58-year-old John Beaumont, who has previous convictions for injecting minors, admitted to one count of actual bodily harm and nine counts of indecent assault for inserting needles into victims' various body parts, including their arms, groin, and genitals as part of an elaborate cover for acts of pedophilia.

Michael Brady, the prosecuting attorney, revealed that the "true cause" for Beaumont posing as a doctor and university researcher was to "sexually assault the victims in the way he did".

Mr. Brady said:

"He was able to carry out these assaults because he had established a huge degree of trust, and was able to persuade them that he needed to carry out these examinations with the hypodermic needles."

The court also heard how the "servant of God" had been convicted of 40 separate offenses about 40 years ago similar to the offending which has now caught up with him.

Metro reports: The offenses took place over a period of more than a decade, between June 1986 and October 1996.

Beaumont, now aged 58, convinced the three victims to remove part or all of their clothing by claiming they may have been affected by radiation from the Chernobyl disaster in Ukraine.

He then inserted the needles, and on one occasion a tube, into their genitals.

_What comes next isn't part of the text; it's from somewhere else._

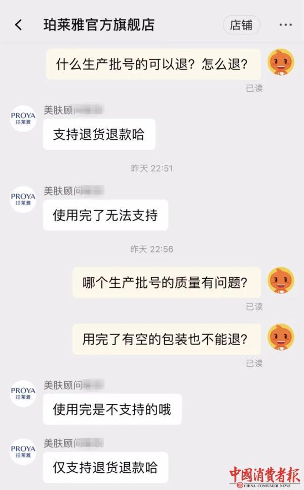 《中國消費(fèi)者報(bào)》記者詢問天貓珀萊雅旗艦店客服時(shí)卻發(fā)現(xiàn)并不是這樣。該客服稱:“僅支持退貨退款,使用完了無法支持,用完了有包裝瓶也不行?!币簿褪钦f,即便消費(fèi)者有訂單成交記錄,但只要用過、用完沒保存包裝瓶,就不能退款。至于珀萊雅聲明中提到存在差異的“部分批次”到底是哪些,客服人員也避而不答。

He also caused actual bodily harm by inserting a needle into the male victim’s arm.

One of the female victims was disabled, and Manchester Crown Court heard that the assaults would have been "particularly painful" for her.

Prosecutor Michael Brady said of Beaumont:

"He is a highly intelligent, highly articulate but, ultimately, highly manipulative individual who was able to gain a huge amount of trust – to the point he was able to commit these highly unusual offenses with the ostensible, and I stress ostensible, consent of the three victims."

On one occasion Beaumont even used a box with wires that made a clicking sound, claiming to his victims that it was a Geiger counter that was picking up radiation.

The cleric also convinced them he had some medical training from his time as a minister, or trainee minister, with the Church of Scotland.

"As a consequence of this manipulative behavior all three allowed him to carry out these 'examinations', which took the form of having all three completely or partially undressed," Mr. Brady continued.

"These were, no doubt, highly uncomfortable and traumatic for them."

Beaumont’s victims reported the historic offenses to social workers out of concern that he would abuse others.

A jury formally found Beaumont guilty of the charges on the direction of Judge Paul Lawton.

He was told that Beaumont already has previous convictions for more than 40 similar offenses he carried out in Scotland during the 1970s and 80s.

He used a similar pretext – claiming to be investigating the effects of nuclear radiation – and gained his victims’ trust by posing as a doctor, university researcher or member of the health board.

The clergyman has been granted bail until his sentencing hearing on June 16 but was warned by Judge Lawton that he faces a lengthy custodial sentence.

The Vatican has faced a huge backlash lately for the mishandling of abuse cases after it was revlealed that a Catholic priest with HIV, who raped 30 children as young as 5-years-old, was forgiven by the church and won't face criminal charges.

A mother of one of the victims wrote a letter to the Pope asking to meet at the Vatican to discuss the case, but was told that "the matter is closed".

Pope Francis was cited as "wanting to create a more merciful church" as a reason for the leniency.